- **DIRECTIONS FOR THIS TASK**
Write out the whole listing below exactly, skipping each picture.

- **GIVEN MATERIAL**
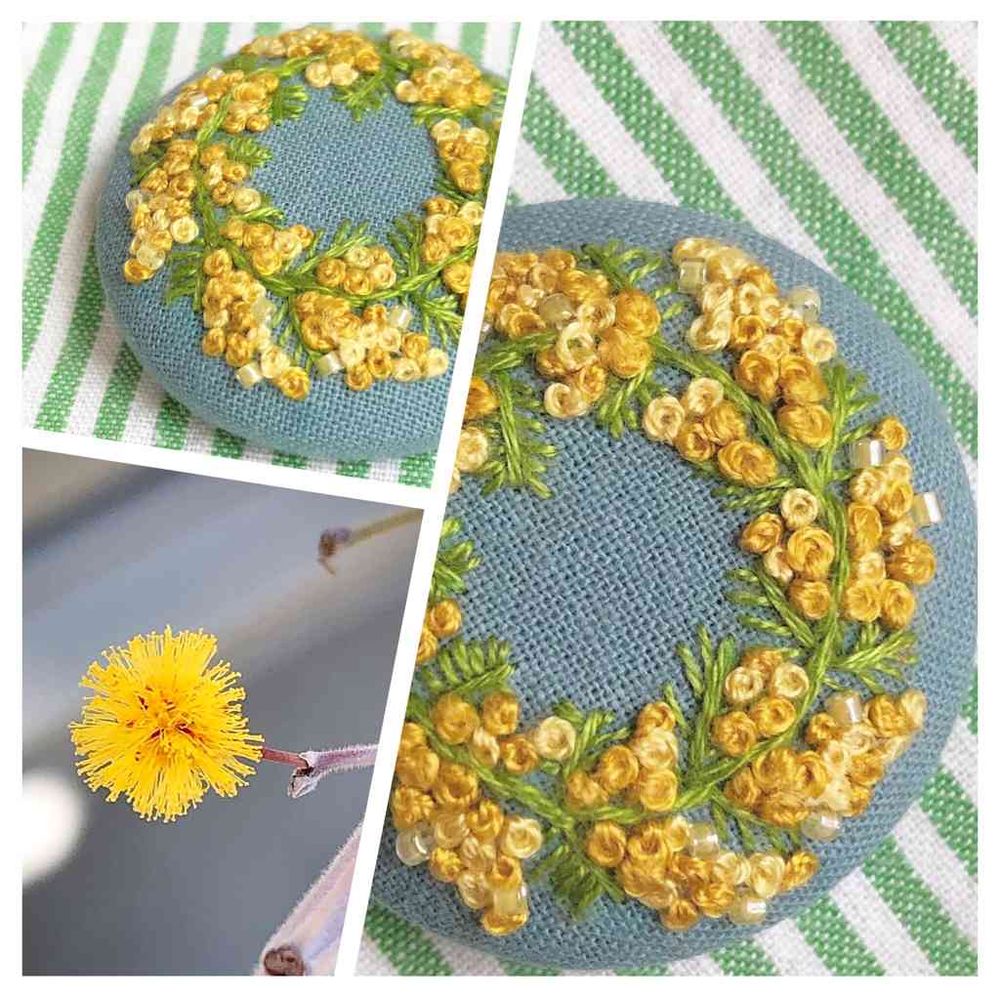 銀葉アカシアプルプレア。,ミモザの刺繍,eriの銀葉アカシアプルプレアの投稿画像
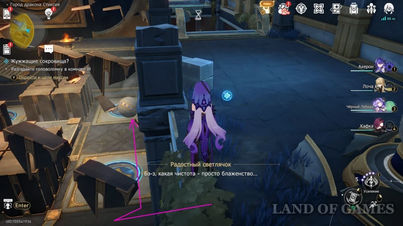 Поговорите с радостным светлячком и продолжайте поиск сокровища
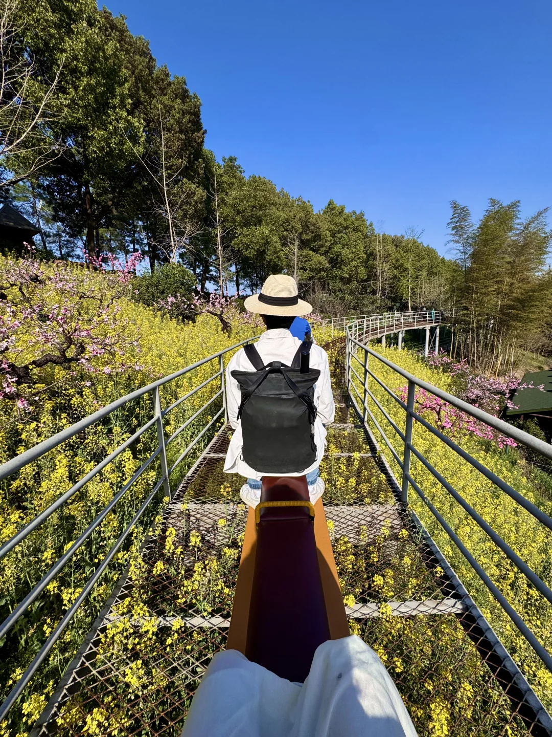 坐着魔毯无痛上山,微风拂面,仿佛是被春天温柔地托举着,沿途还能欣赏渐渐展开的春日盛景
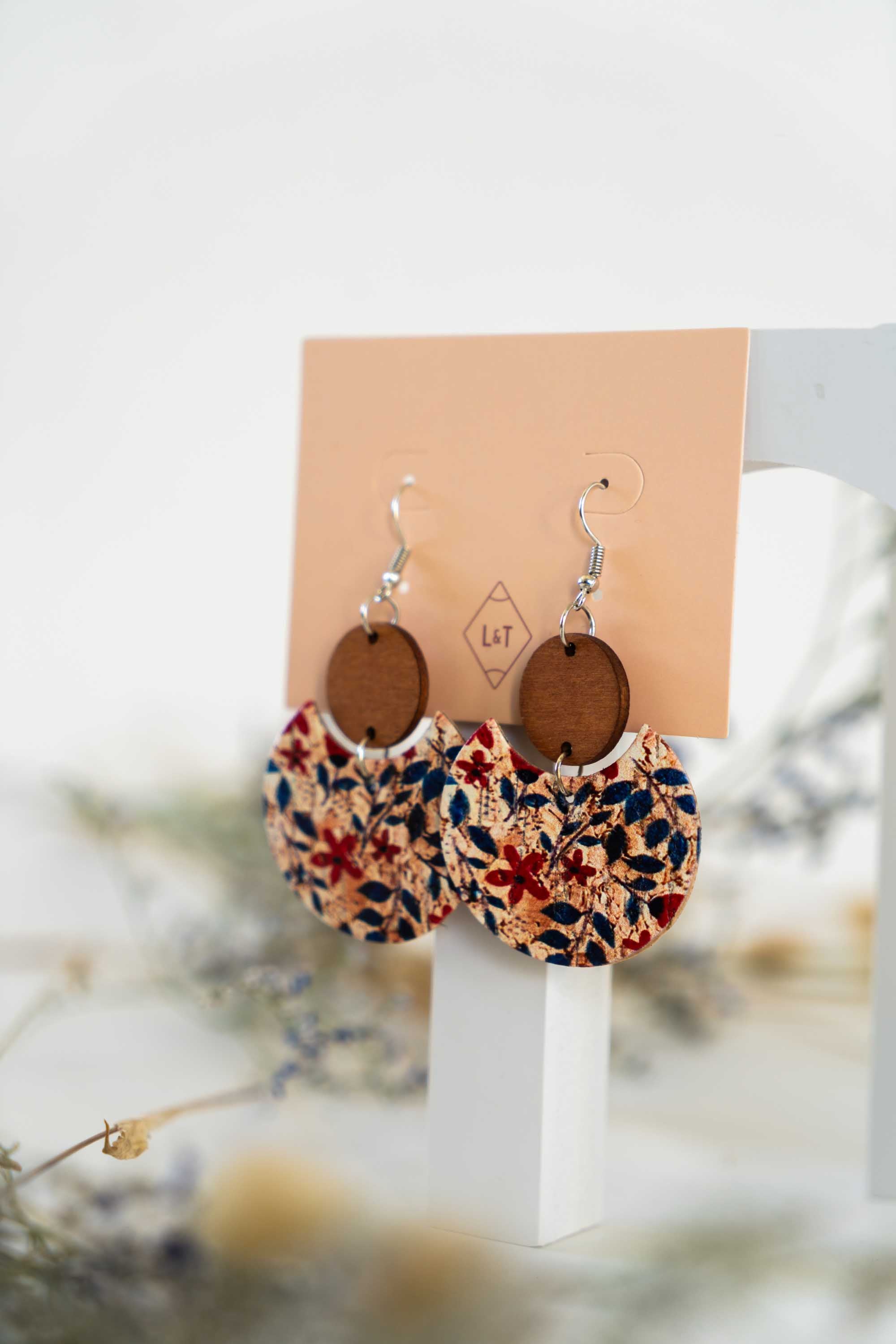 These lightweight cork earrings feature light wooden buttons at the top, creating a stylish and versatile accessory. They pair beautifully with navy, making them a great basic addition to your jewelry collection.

- **TASK ANSWER**
 銀葉アカシアプルプレア。,ミモザの刺繍,eriの銀葉アカシアプルプレアの投稿画像
 Поговорите с радостным светлячком и продолжайте поиск сокровища
 坐着魔毯无痛上山,微风拂面,仿佛是被春天温柔地托举着,沿途还能欣赏渐渐展开的春日盛景
 These lightweight cork earrings feature light wooden buttons at the top, creating a stylish and versatile accessory. They pair beautifully with navy, making them a great basic addition to your jewelry collection.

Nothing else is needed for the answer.